Monday 28 December 2015

Kejutan Untuk Ma'am

Oleh: Firda Amalia H


Kamis, 8 Desember 2011, siswa-siswi kelas IX.1 sedang merencanakan persiapan kejutan untuk ma’am Retna, wali kelas kami yang menginjak usia 45 tahun.
“Maaf anak-anak, ibu harus pergi karena ada urusan yang sangat penting. Jadi, pertemuan hari ini berakhir cukup sampai disini. Masih ada 30 menit jam pelajaran yang tersisa. Saya harap tidak ada diantara kalian yang ribut atau pun keluar masuk saat jam proses belajar mengajar masih berlangsung”, kata Bu Sukdiarti, guru Fisika kami.

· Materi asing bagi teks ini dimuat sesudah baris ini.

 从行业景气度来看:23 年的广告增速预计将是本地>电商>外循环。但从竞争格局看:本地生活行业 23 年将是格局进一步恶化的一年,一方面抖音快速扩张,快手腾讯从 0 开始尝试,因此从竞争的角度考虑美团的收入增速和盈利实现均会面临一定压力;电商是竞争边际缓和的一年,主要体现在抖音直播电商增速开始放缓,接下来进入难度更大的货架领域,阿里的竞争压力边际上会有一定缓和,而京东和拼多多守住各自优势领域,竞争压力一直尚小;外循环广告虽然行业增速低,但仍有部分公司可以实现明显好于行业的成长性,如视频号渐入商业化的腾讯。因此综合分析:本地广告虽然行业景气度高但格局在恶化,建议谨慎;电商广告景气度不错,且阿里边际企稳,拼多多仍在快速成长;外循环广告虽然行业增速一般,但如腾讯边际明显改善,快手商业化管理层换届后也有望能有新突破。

Beberapa menit setelah Bu Sukdiarti meninggalkan ruangan kelas, suasana kelas kami menjadi ribut. Yah, itulah kondisi kelas IX.1 jika tidak guru. Aku, selaku ketua kelas sudah seringkali memperingatkan kepada teman-teman yang seringkali membuat onar. Namun apa daya, mereka tetap saja melakukan hal-hal yang melanggar. Bila mereka dilarang, bukannya mendengar, tetapi makin menjadi-jadi. Akan tetapi, bila dibiarkan begitu saja, teman-teman lain yang merasa terganggu akan memarahiku dan berkata, ”Sebagai ketua kelas seharusnya kamu dapat melarangnya!”. Aku jadi serba salah dibuatnya.

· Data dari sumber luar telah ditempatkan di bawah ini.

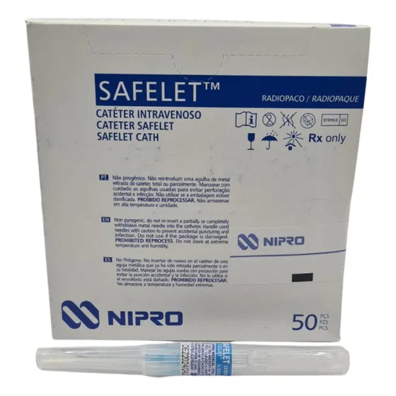 Catéter de material ETFE (Etileno Tetrafluroetileno), en empaque individual de un solo uso, estéril, radiopaco, biocompatible, desechable, cámara de retroceso transparente que permite asegurar cuando el catéter está en la vena. Cuenta con marca relieve en el cubo de la aguja para facilitar la orientación del bisel.

“Firda, ini kesempatan yang bagus untuk mendekorasi ruangan kita!”, kata Wanda sang sekretaris kepadaku.
“Iya. Aku tahu kok! Tapi, kita selesaikan saja dulu tugas ini”, jawabku.

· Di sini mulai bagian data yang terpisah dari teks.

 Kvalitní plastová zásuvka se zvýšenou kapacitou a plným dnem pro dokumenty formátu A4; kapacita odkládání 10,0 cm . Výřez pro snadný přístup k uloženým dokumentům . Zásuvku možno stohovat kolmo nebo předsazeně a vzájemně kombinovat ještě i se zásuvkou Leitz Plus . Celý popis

Setelah menyelesaikan tugas yang diberikan, kami lalu mempersiapkan segala sesuatu yang bersangkut-paut dengan kejutan itu.
“Bagusnya, kita tempel di mana tulisan ini?”, tanya Ika.
“Hmm.. di sana!”, jawabku sambil menunjuk ke arah dinding yang berhadapan dengan pintu masuk kelas kami.
Setelah menempel karton bertuliskan ‘HAPPY BIRTHDAY MA’AM’ , aku lalu menarik kursi Aza yang kemudian aku letakkan berhadapan dengan pintu masuk kelas kami. Setelahnya, Wanda dan Nisa meletakkan kue tar di atas meja tersebut. Kami ingin saat pesta kejutan itu ma’am duduk di kursi yang telah disediakan.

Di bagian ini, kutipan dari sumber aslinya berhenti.